Nous savons désormais que rien n’est moins faux. Mais la perspective inverse, qui est notamment celle des primitivistes, selon laquelle tous les maux dont nous souffrons sont le fruit pourri de constructions sociales arbitraires qui s’emploient à réprimer une nature foncièrement libre, coopérative et abondante, est tout aussi partiale. Pour les primitivistes, il n’est en quelque sorte pas nécessaire de « construire » une société décente, car celle-ci est toujours déjà là, à tout jamais inscrite dans notre nature, et il suffirait donc de la libérer des puissances mortifères d’une civilisation qui la brime, à la façon dont on libère une source d’eau fraîche trop longtemps obstruée par la chute d’une pierre. Sans doute aurions-nous en réalité besoin d’un mélange subtil de « constructivisme » et de « naturalisme ». Une société décente, au moins partiellement réconciliée avec elle-même et avec son milieu, ne pourrait advenir qu’au terme d’un processus complexe, « double » pour ainsi dire, en libérant d’une part les éléments les plus nobles de notre nature, souvent bridés par des hiérarchies sociales dont l’arbitraire relève bien d’une construction, tout en continuant à exercer certaines fonctions éducatives et coercitives – par exemple par l’intermédiaire du droit – afin de canaliser et si possible de marginaliser les aspects les plus violents, les plus destructeurs et les plus compétitifs de nos comportements, qui ne sont pas eux non plus étrangers à notre « nature ».

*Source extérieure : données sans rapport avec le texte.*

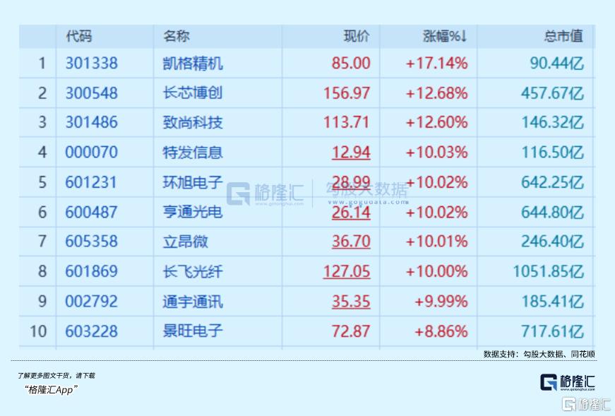 铜缆高速链接和共同封装光学(CPO)环节中,鼎通科技收涨20CM,凯格精机大涨17.14%,长芯博创、致尚科技、特发信息、环旭电子、亨通光电、长飞光纤、通宇通讯等多股强势涨停。中际旭创、新易盛、胜宏科技、天孚通信等头部巨头虽然没有涨停,但也走出了显著上涨行情。

De manière générale, il faut bien dire que la conception de l’histoire défendue par les primitivistes est à bien des égards le miroir inversé de la conception « progressiste ». Pour l’une comme pour l’autre, l’histoire manifeste une évolution cohérente et nécessaire qu’il faudrait accepter ou rejeter de façon unilatérale. Si les « progressistes » pensent que les grandes révolutions qui en jalonnent le cours, notamment les révolutions néolithique et industrielle, sont autant d’étapes dans un processus global d’émancipation et de réalisation de l’humanité, les primitivistes considèrent en revanche que ces mêmes bouleversements sont autant d’étapes dans un processus d’aliénation et de contraction qu’il faudrait pouvoir effacer. Ne pourrait-on pas au contraire considérer l’histoire humaine comme un va-et-vient complexe et en grande partie contingent entre des processus d’aliénation et d’émancipation ? Ne gagnerait-on pas à admettre qu’il existe une « dialectique de la civilisation » ?

L’on sait par exemple que les grandes villes ont toujours été des centres de pouvoir, qu’elles ont donc toujours eu partie liée à des hiérarchies sociales parfois particulièrement abjectes. Mais l’on pourrait également dire qu’une certaine forme de liberté est née dans les villes et continue à s’y exercer de nos jours, parce que l’anonymat, en relâchant la pression sociale, peut créer des foyers de savoir, de créativité intellectuelle, artistique et politique, et ainsi entraîner une remise en cause de ces mêmes hiérarchies. Pour ce qui est des temps modernes, l’on sait qu’ils ont accouché de certaines des guerres les plus atroces de l’histoire, qu’ils ont donné lieu à des formes de déshumanisation extrêmes, mais paradoxalement, ils ont également contribué à remettre en cause des institutions fondées sur la réification de l’humain et ancrées au plus profond de 1’histoire des sociétés, comme l’esclavage ou le patriarcat. Parfois, ils ont également su offrir des formes de protection largement inédites à des êtres – enfants, personnes handicapées – dont la vulnérabilité avait été l’objet depuis des millénaires de tous les abus et de tous les trafics.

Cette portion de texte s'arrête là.